Prompt Engineering for AI Agents: Production-Grade Techniques
Advanced prompt engineering techniques for reliable AI agents -specific patterns, testing frameworks, and real examples from production systems achieving 90%+ accuracy.
Advanced prompt engineering techniques for reliable AI agents -specific patterns, testing frameworks, and real examples from production systems achieving 90%+ accuracy.
TL;DR
Jump to core techniques · Jump to testing · Jump to examples · Jump to FAQs
The difference between a mediocre agent (72% accuracy) and a reliable one (92% accuracy) usually isn't the model -it's the prompt.
I've analyzed 80+ production agent prompts from companies running at scale. The ones that work share specific patterns. The ones that fail make predictable mistakes.
Here's what separates reliable agents from unreliable ones.
Bad (vague):
You are a helpful assistant that processes support tickets.
Good (specific):
You are a customer support classification agent for [Company Name], a B2B SaaS product.
Your role:
- Classify incoming support tickets into exactly ONE category
- Extract key information (account ID, urgency, affected feature)
- Determine if human escalation is required
Constraints:
- NEVER respond directly to customers (you classify only)
- NEVER guess account information (extract from ticket or mark unknown)

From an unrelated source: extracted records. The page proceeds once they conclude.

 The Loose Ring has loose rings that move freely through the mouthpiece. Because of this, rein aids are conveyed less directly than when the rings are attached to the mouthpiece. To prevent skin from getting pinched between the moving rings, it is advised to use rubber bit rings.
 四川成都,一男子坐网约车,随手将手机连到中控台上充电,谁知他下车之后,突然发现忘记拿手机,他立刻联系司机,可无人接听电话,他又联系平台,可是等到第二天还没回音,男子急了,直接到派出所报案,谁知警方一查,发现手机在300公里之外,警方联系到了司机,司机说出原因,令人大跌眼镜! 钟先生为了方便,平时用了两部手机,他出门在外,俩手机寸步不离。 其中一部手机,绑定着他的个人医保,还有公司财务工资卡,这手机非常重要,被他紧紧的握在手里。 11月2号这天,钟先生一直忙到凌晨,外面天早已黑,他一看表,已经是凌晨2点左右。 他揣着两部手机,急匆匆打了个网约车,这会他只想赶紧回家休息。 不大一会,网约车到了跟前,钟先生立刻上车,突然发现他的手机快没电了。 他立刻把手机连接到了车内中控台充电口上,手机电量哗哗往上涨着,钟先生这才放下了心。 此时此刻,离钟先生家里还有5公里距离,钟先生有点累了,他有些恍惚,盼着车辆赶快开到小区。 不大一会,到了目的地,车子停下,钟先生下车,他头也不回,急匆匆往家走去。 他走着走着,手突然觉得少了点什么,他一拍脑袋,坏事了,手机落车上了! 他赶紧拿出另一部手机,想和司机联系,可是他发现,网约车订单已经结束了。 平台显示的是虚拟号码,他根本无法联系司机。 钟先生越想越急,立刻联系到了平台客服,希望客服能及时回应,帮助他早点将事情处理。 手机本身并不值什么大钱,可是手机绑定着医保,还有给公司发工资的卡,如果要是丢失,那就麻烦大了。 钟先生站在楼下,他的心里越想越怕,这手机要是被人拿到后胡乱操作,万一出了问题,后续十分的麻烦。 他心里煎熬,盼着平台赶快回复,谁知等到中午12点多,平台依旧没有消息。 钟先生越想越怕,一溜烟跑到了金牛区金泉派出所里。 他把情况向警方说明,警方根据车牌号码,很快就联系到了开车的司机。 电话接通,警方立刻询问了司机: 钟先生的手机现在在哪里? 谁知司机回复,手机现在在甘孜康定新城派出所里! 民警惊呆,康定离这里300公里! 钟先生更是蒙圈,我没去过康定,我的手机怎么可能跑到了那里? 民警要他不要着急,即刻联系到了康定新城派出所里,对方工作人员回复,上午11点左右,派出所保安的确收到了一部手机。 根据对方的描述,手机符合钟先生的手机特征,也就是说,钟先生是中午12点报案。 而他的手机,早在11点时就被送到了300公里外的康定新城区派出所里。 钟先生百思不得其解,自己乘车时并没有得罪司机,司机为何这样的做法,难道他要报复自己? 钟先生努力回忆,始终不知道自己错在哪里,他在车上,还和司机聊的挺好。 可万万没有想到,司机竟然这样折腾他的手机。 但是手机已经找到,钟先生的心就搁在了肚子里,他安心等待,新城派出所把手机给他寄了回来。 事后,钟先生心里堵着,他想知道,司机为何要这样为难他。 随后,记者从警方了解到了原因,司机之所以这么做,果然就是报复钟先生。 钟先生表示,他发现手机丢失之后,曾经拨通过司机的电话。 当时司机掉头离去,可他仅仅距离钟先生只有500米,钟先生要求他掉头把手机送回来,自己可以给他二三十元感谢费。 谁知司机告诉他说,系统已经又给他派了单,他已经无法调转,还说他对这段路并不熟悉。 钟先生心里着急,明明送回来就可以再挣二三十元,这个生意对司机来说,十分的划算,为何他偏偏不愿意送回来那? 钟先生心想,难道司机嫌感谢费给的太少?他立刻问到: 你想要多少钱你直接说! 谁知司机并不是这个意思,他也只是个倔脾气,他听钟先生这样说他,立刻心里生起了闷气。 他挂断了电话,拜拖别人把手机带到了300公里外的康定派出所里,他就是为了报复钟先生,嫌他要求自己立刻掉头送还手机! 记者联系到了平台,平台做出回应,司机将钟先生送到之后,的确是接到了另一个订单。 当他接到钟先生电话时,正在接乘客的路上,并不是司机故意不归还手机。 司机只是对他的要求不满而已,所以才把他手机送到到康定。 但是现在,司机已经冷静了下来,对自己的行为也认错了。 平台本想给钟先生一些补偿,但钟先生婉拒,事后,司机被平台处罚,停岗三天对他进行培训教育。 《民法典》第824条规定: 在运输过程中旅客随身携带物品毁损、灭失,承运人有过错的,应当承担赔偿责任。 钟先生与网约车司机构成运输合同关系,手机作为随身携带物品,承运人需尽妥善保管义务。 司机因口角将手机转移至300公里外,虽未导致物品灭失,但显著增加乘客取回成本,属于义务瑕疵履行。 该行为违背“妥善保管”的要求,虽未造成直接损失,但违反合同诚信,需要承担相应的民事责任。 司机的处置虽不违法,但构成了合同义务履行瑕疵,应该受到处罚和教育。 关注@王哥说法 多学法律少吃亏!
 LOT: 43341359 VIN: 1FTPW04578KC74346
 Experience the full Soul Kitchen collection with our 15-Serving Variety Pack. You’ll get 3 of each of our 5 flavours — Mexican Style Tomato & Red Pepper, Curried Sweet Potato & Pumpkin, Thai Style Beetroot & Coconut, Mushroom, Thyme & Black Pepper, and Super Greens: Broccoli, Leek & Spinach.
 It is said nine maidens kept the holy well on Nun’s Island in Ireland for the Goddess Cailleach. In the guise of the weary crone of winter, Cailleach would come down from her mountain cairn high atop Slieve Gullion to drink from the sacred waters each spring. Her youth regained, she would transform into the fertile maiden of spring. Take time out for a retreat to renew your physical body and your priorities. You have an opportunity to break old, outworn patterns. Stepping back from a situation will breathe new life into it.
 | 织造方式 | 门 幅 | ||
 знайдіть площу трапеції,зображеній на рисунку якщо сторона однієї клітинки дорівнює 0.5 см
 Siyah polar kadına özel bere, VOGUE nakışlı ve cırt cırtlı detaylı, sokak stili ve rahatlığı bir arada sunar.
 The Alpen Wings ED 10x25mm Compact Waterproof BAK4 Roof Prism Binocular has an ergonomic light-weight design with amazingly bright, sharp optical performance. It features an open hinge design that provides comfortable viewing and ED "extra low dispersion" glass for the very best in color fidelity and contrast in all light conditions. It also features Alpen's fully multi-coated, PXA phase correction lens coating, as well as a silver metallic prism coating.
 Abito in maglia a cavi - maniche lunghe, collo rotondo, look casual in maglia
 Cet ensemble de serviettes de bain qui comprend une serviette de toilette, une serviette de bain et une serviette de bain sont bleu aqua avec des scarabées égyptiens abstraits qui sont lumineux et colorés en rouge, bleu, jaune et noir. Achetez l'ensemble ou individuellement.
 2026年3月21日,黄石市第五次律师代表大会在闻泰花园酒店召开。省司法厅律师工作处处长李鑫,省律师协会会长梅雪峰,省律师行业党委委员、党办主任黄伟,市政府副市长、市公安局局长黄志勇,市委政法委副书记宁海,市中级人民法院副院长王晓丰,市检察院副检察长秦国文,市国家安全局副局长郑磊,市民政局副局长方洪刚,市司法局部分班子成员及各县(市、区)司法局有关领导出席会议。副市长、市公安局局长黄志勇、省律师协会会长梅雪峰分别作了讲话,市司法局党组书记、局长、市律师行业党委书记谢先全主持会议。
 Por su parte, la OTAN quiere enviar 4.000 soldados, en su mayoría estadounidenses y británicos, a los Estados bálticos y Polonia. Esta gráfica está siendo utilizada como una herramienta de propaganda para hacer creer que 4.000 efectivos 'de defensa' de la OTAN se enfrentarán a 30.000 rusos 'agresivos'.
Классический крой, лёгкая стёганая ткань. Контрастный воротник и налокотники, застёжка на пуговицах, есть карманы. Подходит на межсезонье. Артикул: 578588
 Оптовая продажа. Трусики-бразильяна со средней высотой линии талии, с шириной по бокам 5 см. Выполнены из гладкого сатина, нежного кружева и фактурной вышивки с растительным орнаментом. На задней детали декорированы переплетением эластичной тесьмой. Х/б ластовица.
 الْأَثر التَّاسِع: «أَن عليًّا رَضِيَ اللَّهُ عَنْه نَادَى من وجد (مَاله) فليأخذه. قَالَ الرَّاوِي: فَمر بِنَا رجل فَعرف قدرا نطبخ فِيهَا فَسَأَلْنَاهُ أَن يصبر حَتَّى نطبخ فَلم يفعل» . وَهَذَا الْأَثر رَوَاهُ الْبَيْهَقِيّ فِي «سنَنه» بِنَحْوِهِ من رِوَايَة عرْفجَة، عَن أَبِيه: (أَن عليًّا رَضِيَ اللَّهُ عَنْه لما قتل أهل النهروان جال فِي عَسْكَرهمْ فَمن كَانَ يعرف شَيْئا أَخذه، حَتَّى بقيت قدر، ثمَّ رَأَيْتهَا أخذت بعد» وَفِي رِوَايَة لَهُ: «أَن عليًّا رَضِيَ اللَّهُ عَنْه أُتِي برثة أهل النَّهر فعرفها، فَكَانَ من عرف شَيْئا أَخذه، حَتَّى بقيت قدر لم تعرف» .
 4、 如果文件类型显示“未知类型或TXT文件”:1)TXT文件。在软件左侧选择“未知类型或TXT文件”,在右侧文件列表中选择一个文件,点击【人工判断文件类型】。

- NEVER classify as "bug" without clear error message or unexpected behavior description
- If confidence <85%, escalate to human review
Why it works: Specific constraints prevent common failure modes. "Never respond directly to customers" stops agent from hallucinating customer responses. "Never classify as bug without error message" reduces false positives.
Bad (freeform):
Classify this support ticket and tell me what to do with it.
Good (JSON schema):
Classify this support ticket. Return valid JSON matching this exact schema:
{
"category": "bug" | "feature_request" | "billing" | "how_to" | "account_issue",
"priority": "P0" | "P1" | "P2" | "P3",
"confidence": <float 0.0-1.0>,
"reasoning": "<brief explanation of classification>",
"escalate_to_human": <boolean>,
"extracted_data": {
"account_id": "<string or null>",
"affected_feature": "<string or null>",
"error_message": "<string or null>"
}
}
Example:
{
"category": "bug",
"priority": "P1",
"confidence": 0.92,
"reasoning": "User reports 500 error when uploading files, includes error message",
"escalate_to_human": false,
"extracted_data": {
"account_id": "ACC_12345",
"affected_feature": "file_upload",
"error_message": "Internal Server Error (500)"
}
}
Why it works: Structured output is parseable, validatable, and prevents hallucinations. Agent can't invent new categories or return malformed data.
Bad (zero-shot):
Classify this ticket into bug|feature|billing|how-to.
Ticket: "I can't log in, getting 'invalid credentials' error but I know my password is correct."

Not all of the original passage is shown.